= Syndicate of Seven =

Original members of the Broken Hill Mining Company (1883)

The Syndicate of Seven is the name given to the original members of the Broken Hill Mining Company formed in 1883, who lodged applications for mining leases along the Line of Lode at Broken Hill in New South Wales, Australia.

==History==
The members, who all worked at Mount Gipps sheep station, which encompassed the Broken Hill, were:-

1. Charles Rasp (1846–1907) – a boundary rider, who was interested in prospecting, recognised that the site was highly mineralized (though suspecting black tin oxide — perhaps cassiterite) and on 5 September 1883 persuaded David James and his offsider James Poole to help him peg out 40 acres and registered their claim with mining warden Richard O'Connell.
2. David James (1854–1926) – a contractor employed to sink dams and mend fences.
3. James Poole (1848–1924) – worked with David James
4. George McCulloch (1848–1907) – manager of Mount Gipps station, recommended widening the syndicate in order to control the greater part of the hill, proposed seven shares at £70 (several thousand dollars in today's money) each.
5. Philip Charley (1863–1937) – a young man learning to be a sheep farmer, employed as a boundary rider.
6. George Urquhart (1845–1915) – a bookkeeper and overseer
7. George A. M. Lind (1861–1941) – a storekeeper.

Philip Charley in 1887

In September 1883 they pegged seven 40 acre blocks (blocks No 10–16) along the exposed lode at Broken Hill, thus securing almost the whole of the easily worked ore (Curtis, 1908).

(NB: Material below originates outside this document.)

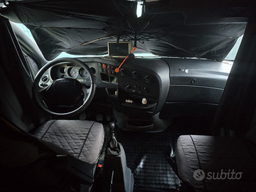 Camper mansardato 6 posti meccanica Iveco gemellato 2800 turbo diesel 150 CV 6 marce ,75000km originali, distribuzione fatta, gommato bene 4 stagioni, clima in cabina, chiusura centralizzata con antifurto, 6 posti letto con 2 letti matrimoniali con materassi nuovi, forno, tenda da sole esterna, garage, frigo grande, stufa nuova, scaletta elettrica,divanetti tessuti impermeabili rifatti,portabici, esente da infiltrazioni. Controllo annuale infiltrazioni acqua. Siliconatura esterna appena fatta.

The initial assay results were not encouraging and Lind sold his share to Rasp and McCulloch, probably intimidated by the prospect of calls to finance further drilling. Poole and Urquhart sold their shares a year later, before the boom days and flotation of Broken Hill Proprietary in 1885 (Curtis, 1908 and Camilleri, 2006). James sold half his share to Sidney Kidman (Note: Kidman recounted exchanging six cattle for half of his share (and shortly selling it at a small profit) but no mention of D. James's half share) who went on to become a wealthy cattle baron and landowner.

== Later ==
The seven shares were parlayed into fourteen.
William Jamieson purchased three of these shares for £320, and on 25 April 1885 was offered management of the mine at a salary of £500 per annum. He shortly divested himself of two, one of which was purchased by W. R. Wilson; George Doolette also purchased one of the 14 shares. Other important early investors were Harvey Patterson, Duncan McBryde and Bowes Kelly.